Dua Resep Sri Mulyani Menghadapi Badai Ekonomi

Desy Setyowati
27 Juli 2016, 18:22
Sri Mulyani
ARIEF KAMALUDIN | KATADATA

Sehari sebelum ditetapkan sebagai Menteri Keuangan, kemarin Sri Mulyani menyampaikan pandangannya mengenai perkembangan ekonomi global di Universitas Indonesia. Managing Director dan Chief Operating Officer Bank Dunia itu menyatakan dunia sedang menghadapi tekanan berat.

Sri Mulyani menyebutnya sebagai badai yang datang bersamaan secara sempurna atau perfect storm. Ini merupakan situasi yang dipicu oleh melemahnya ekonomi dan perdagangan dunia serta perlambatan dan perubahan struktural ekonomi Cina,.

Advertisement

Faktor lainnya yaitu kejatuhan harga-harga komoditas, aliran modal ke negara berkembang menyusut, konflik dan serangan terorisme meluas, serta perubahan iklim global. (Baca: Sri Mulyani: Pertumbuhan Ekonomi Dunia Masih Rapuh).

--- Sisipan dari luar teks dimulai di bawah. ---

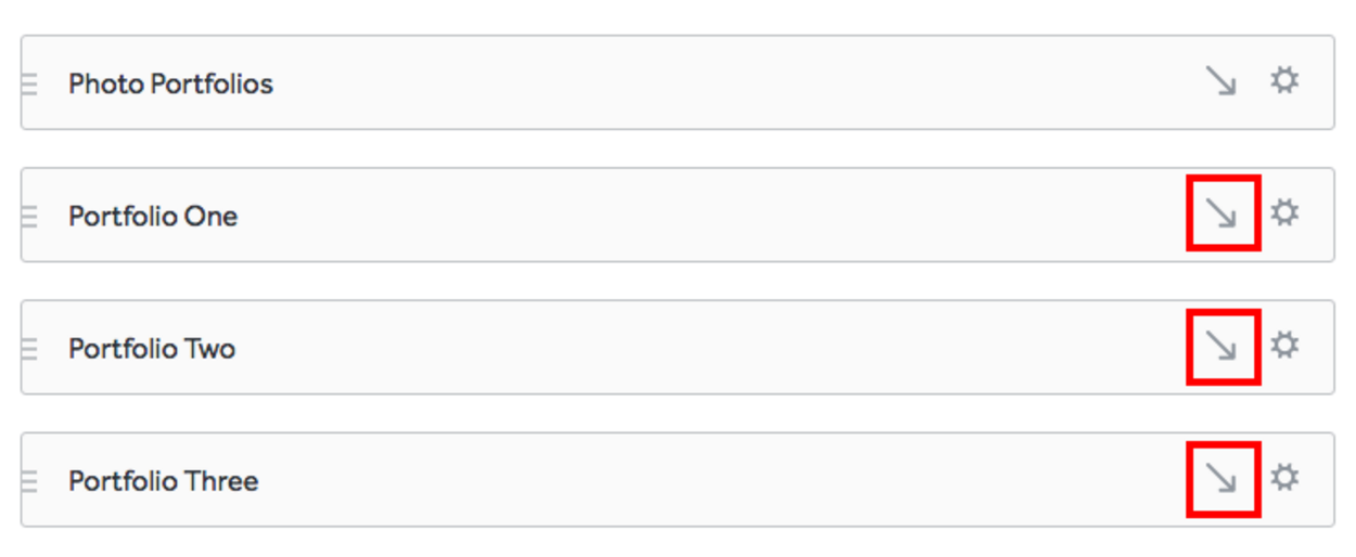 - 6. Once you have successfully finished all of the above steps, you can begin adding portfolios that will showcase your work. In order to organize the portfolios to display in the drop-down menu you have just created, you will need to indent your portfolio pages.

Yang paling terpukul dari kondisi ini, kata Sri, adalah negara pengekspor komoditas, termasuk Indonesia. Karena itu tak heran jika revisi pertumbuhan ekonomi sebanyak 40 persen dialami oleh negara-negara ini. Butuh kerja sama yang erat dan koordinasi kebijakan antarnegara untuk membangun kembali kepercayaan. Juga, menghilangkan halangan perdagangan dan investasi untuk menunjang produktivitas dan memulihkan pertumbuhan ekonomi.

“Namun yang terjadi di dunia sebaliknya. Populisme tengah bangkit dan bahkan meluas. Kesediaan untuk bekerja sama antarnegara berada pada titik terendah sepanjang sejarah. Keluarnya Inggris dari Uni Eropa (Brexit) adalah salah satu contoh,” kata Sri.

Oleh karena itu, dia merekomendasikan dua hal untuk menghadapi tantangan perekonomian saat ini. Resep ini terutama untuk mengantisipasi besarnya dampak perlambatan ekonomi terhadap kaum miskin. (Baca: Inflasi Terkendali, Penduduk Miskin Perkotaan Turun-Desa Naik).

Pertama, berperan aktif di tengah globalisasi. Negara yang mampu memanfaatkan globalisasi dan membangun ketahanan atas hal itu akan sukses mengentaskan kemiskinan dan mencapai kemakmuran, tak terkecuali Indonesia.

Seingatnya, Indonesia telah memanfaatkan perdagangan dan investasi global dalam kurun waktu lebih dari 50 tahun terakhir. Upaya tersebut bisa terus dilakukan mengingat perdagangan intra-ASEAN saja mencapai lebih dari US$ 600 miliar per tahun, dan dengan negara di luar ASEAN di atas US$ 1,9 triliun. Peluang ini bisa dimanfaatkan oleh Indonesia.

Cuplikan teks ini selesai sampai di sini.